Apple Legal Tries Again To Keep PlayFair At Bay

by , 1:00 PM EDT, May 6th, 2004

Remember the Open Source application, PlayFair? It's an application that allows you to make songs purchased from Apple's iTunes Music Store playable on any music player, not just iPods, stripping the DRM out of the song.

The application was originally hosted on SourceForge, a US-based Web site dedicated to open source development. The project was pulled from the Web site shortly after being launched after Apple sent a Cease and Desist letter to SourceForge itself. The company cited the DMCA in its C&D, saying that PlayFair was in violation of that law.

PlayFair then found a home in the Indian Open Source community and has been, until yesterday, available at Yet again, the software has been pulled at Apple's behest, but this time, the Indian Open Source community is fighting back. The Financial Express, an Indian e-business Web site, reports that the Indian Open Source community believes it has a right to post the application, and that Indian Digital Rights Management (DRM) laws fall short of providing Apple with legal footing to demand the software's removal. From the Financial Express article:

While Apple Computers is crying foul over violation of its copyright,, which has now withdrawn the tool from its website, claims that they had not done anything wrong. Despite repeated calls and e-mails to Apple officials, the company chose not to comment on the issue.

"Neither we nor Apple knows the point they are trying to make. Everyone knows that their claim does not stand anywhere. Even now they aren't telling us what's wrong. They are quoting Indian IT Act (which, ironically, says ISPs or network providers cannot be sued in such matters) and the Copyright Act (again, PlayFair is a free software written from scratch). We took down PlayFair just to avoid troubling our sponsors. Apple sent a notice to them as well," a spokesperson replied to an email.

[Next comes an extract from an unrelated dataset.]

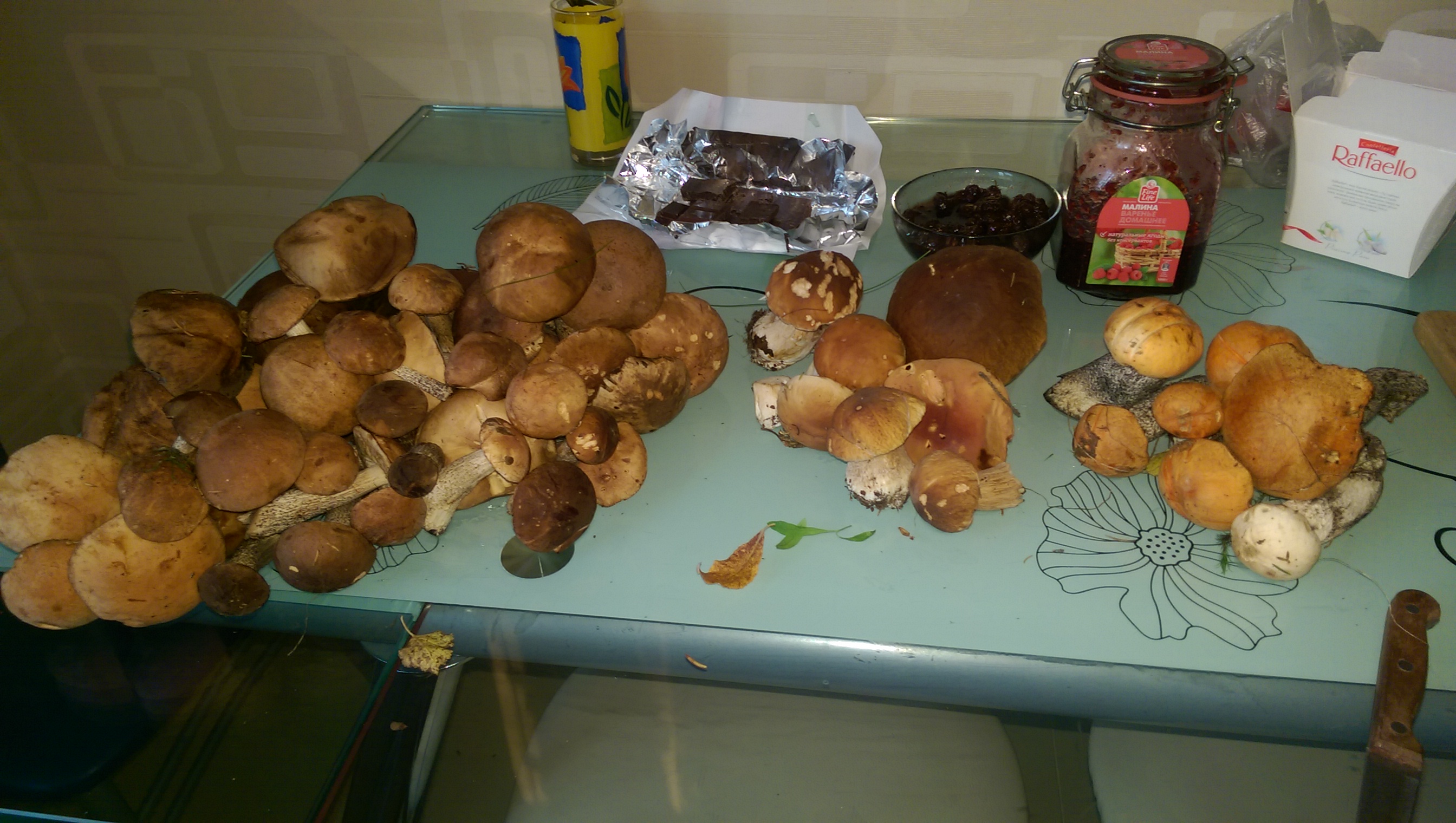 Сегодня на карьере около колвы трудно было найти места на обочине. Все тащили грибы по 2-3 ведра. Ну и я нахватил чуток.

You can read the full report at the Financial Express website.

The Mac Observer Spin:

Whether you believe Apple is justified in leashing PlayFair, or that this is just another example of Apple's overzealousness in attacking anything that hints at threatening Apple's IP, it should not come as a surprise to anyone that Apple would strenuously protect the iTMS/iPod connection. Whether or not Apple will be able to do anything about this overseas, however, is another issue.

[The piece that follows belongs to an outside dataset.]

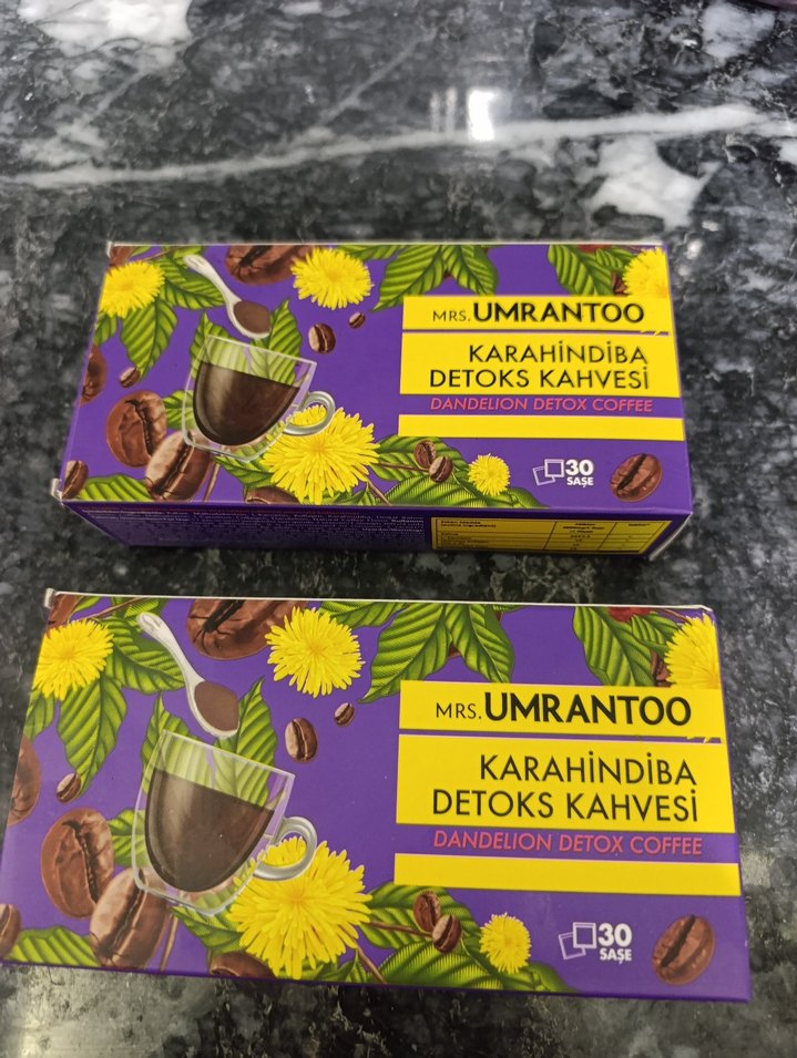 Mrs. Umrantoo Karahindiba Detoks Kahvesi, 30 saşe halinde sunulur. Karahindiba ve kahve çekirdeği içerir, detoks etkisi sağlar. ☕️

That's one of the obviously futile aspects of the DMCA; those interested in doing something prohibited by the DMCA can oh-so easily take it to another country where US laws isn't applicable. Of course, should that happen often enough, the labels' and other copyright holders will likely be able to get a law passed making it illegal for people in the US to access these other sites.

This is a tough issue for us. On the one hand, we loathe DRM of all sorts, and think it fundamentally wrong to be treated like thieves when we aren't thieves; that's exactly what DRM, even Apple's DRM, does. On the other hand, of course, is the fact that Apple has to deal with the major labels, at least for the time being, in order to offer the labels' catalogs online. That means keeping the short-sighted suits in charge of the labels mollified, and that means DRM, and protecting that DRM, on our music downloads.